DATA TO PROCESS |
_ _ _
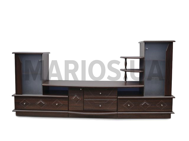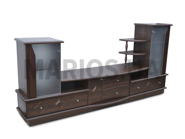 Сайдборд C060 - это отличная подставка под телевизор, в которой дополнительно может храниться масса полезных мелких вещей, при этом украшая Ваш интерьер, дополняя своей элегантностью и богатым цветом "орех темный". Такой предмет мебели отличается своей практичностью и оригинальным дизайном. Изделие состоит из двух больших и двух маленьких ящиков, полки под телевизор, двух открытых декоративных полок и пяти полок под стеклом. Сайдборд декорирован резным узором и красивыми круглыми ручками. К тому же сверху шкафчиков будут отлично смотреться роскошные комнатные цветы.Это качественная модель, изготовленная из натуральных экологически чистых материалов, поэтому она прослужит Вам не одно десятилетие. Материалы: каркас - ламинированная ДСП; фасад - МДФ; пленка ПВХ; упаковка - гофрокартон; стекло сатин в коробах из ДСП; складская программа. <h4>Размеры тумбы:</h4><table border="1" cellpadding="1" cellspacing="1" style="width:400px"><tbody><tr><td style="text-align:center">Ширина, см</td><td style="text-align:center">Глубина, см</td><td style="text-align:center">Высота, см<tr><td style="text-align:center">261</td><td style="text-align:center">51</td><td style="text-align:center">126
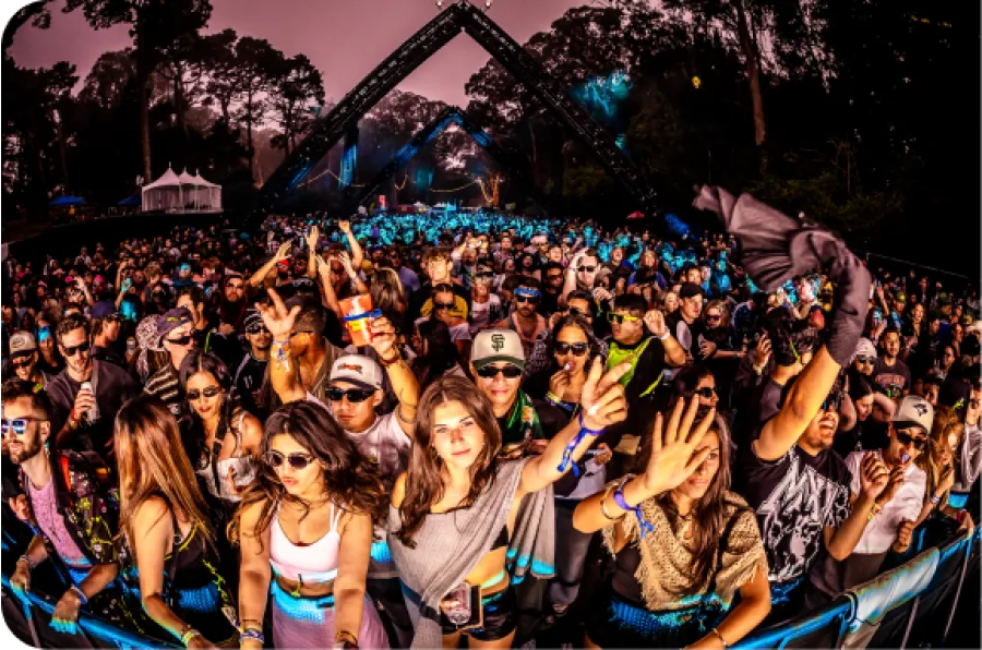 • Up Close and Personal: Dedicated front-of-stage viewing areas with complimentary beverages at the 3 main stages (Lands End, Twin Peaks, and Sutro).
_ _ _
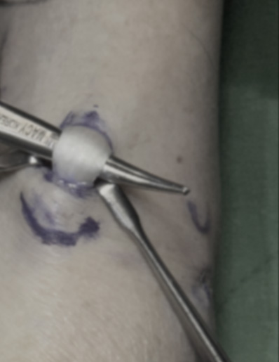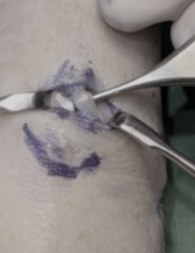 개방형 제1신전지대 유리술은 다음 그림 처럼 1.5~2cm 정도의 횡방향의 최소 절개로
_ _ _
PROBLEM TO SOLVE | Using the data above, which lines fall from the one with "Сайдборд C060 - это" through the one with "Peaks, and Sutro)."? Repeat them exactly, ends included, minus any pictures.

RESPONSE BELOW |
 Сайдборд C060 - это отличная подставка под телевизор, в которой дополнительно может храниться масса полезных мелких вещей, при этом украшая Ваш интерьер, дополняя своей элегантностью и богатым цветом "орех темный". Такой предмет мебели отличается своей практичностью и оригинальным дизайном. Изделие состоит из двух больших и двух маленьких ящиков, полки под телевизор, двух открытых декоративных полок и пяти полок под стеклом. Сайдборд декорирован резным узором и красивыми круглыми ручками. К тому же сверху шкафчиков будут отлично смотреться роскошные комнатные цветы.Это качественная модель, изготовленная из натуральных экологически чистых материалов, поэтому она прослужит Вам не одно десятилетие. Материалы: каркас - ламинированная ДСП; фасад - МДФ; пленка ПВХ; упаковка - гофрокартон; стекло сатин в коробах из ДСП; складская программа. <h4>Размеры тумбы:</h4><table border="1" cellpadding="1" cellspacing="1" style="width:400px"><tbody><tr><td style="text-align:center">Ширина, см</td><td style="text-align:center">Глубина, см</td><td style="text-align:center">Высота, см<tr><td style="text-align:center">261</td><td style="text-align:center">51</td><td style="text-align:center">126
 • Up Close and Personal: Dedicated front-of-stage viewing areas with complimentary beverages at the 3 main stages (Lands End, Twin Peaks, and Sutro).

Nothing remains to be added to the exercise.